第一篇:医院病人出院制度
医院病人出院制度
一、患者出院应由主治医师以上(包括主治医师)在评估患者健康状况、治疗情况、家庭支持能力及当地卫生资源等基础上,按照本科的具体要求决定。主管医师在评估病人需求的基础上,根据病人的需要制定相应的出院计划。如果病人有特殊治疗需求,应及早制定出院计划,必要时鼓励患者及家属一起参与。
二、制定出院计划后,主管医师应提前向患者或家属告知,包括拟定出院时间、出院带药、合适的交通工具、出院后去向等。
三、医师、护士应根据病情为出院患者提供必要的服药指导、营养指导、康复训练指导、生活或工作中的注意事项等信息服务。

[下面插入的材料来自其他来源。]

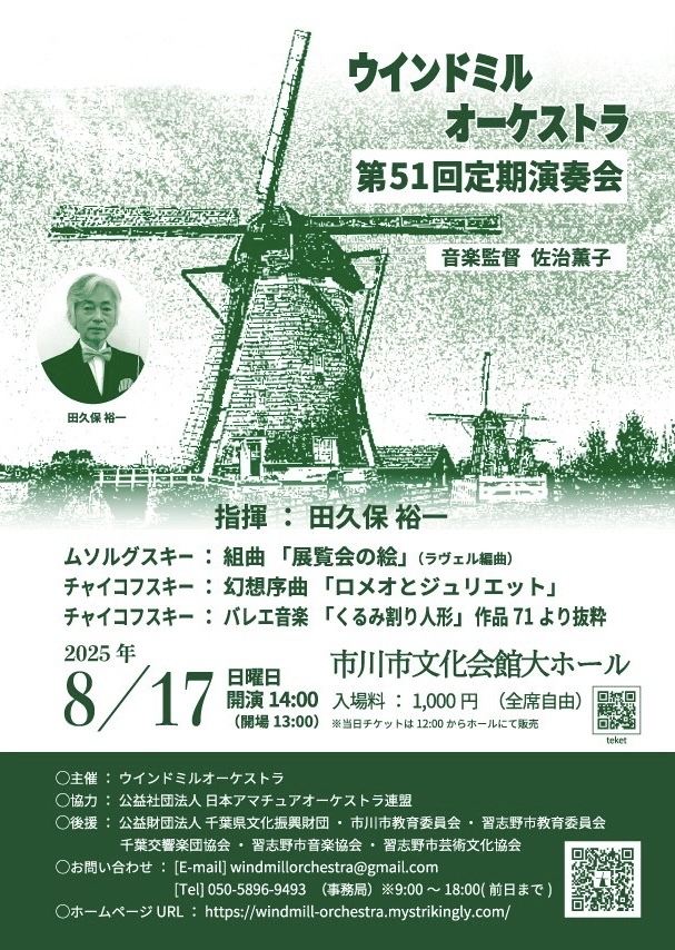 第1歩目となる第51回定期演奏会は、ウインドミルとしては初演となる「展覧会の絵」をメインに据え、新たな1歩に相応しいプログラムとなっております。

四、医师应向每一位出院患者提供出院记录的副本。依患者需要,还应开具诊断证明等医疗文书。
五、患者出院当天,医师下达出院医嘱,并与护士协调出院过程,联系提供必需的服务,根据患者病情帮助其选择合适的交通工具,让患者安全地出院。
六、病情不宜出院而患者或家属要求自动出院者,医师应加以劝阻,充分说明继续治疗的重要性及自动出院可能造成的不良后果,如劝阻无效,应报请副主任医师以上(含副主任医师)批准,由患者或其委托代理人签署相关知情同意文书后办理出院手续,方可离院。如患方拒绝签名,医师在病程记录中写明知情同意告知情况及患方拒绝签字的情况,请在场的第三方证人(如另外一名医师或护士)签名并留下联系方式,书写者签名。
七、医师通知出院而拒绝出院者,应积极劝导并向患方发出《出院通知书》,必要时报告医务处、保卫部和患者所在单位或有关部门,共同协助做好出院工作。
第二篇:医院出院病人随访制度
为了积极推行医院倡导的院前、院中、院后的一体化医疗服务模式,将医疗服务延伸至院后和家庭,使住院病人的院外康复和继续治疗能得到科学、专业、便捷的技术服务和指导,医院特制定出院病人随访制度如下,望各临床科室认真执行:
1:各科均要建立出院病人住院信息登记电子档案,内容应包括:姓名、年龄、单位、住址、联系电话,门诊诊断、住院治疗结果、出院诊断和随访情况等内容,填写人由病人本次住院期间的主管医师负责填写。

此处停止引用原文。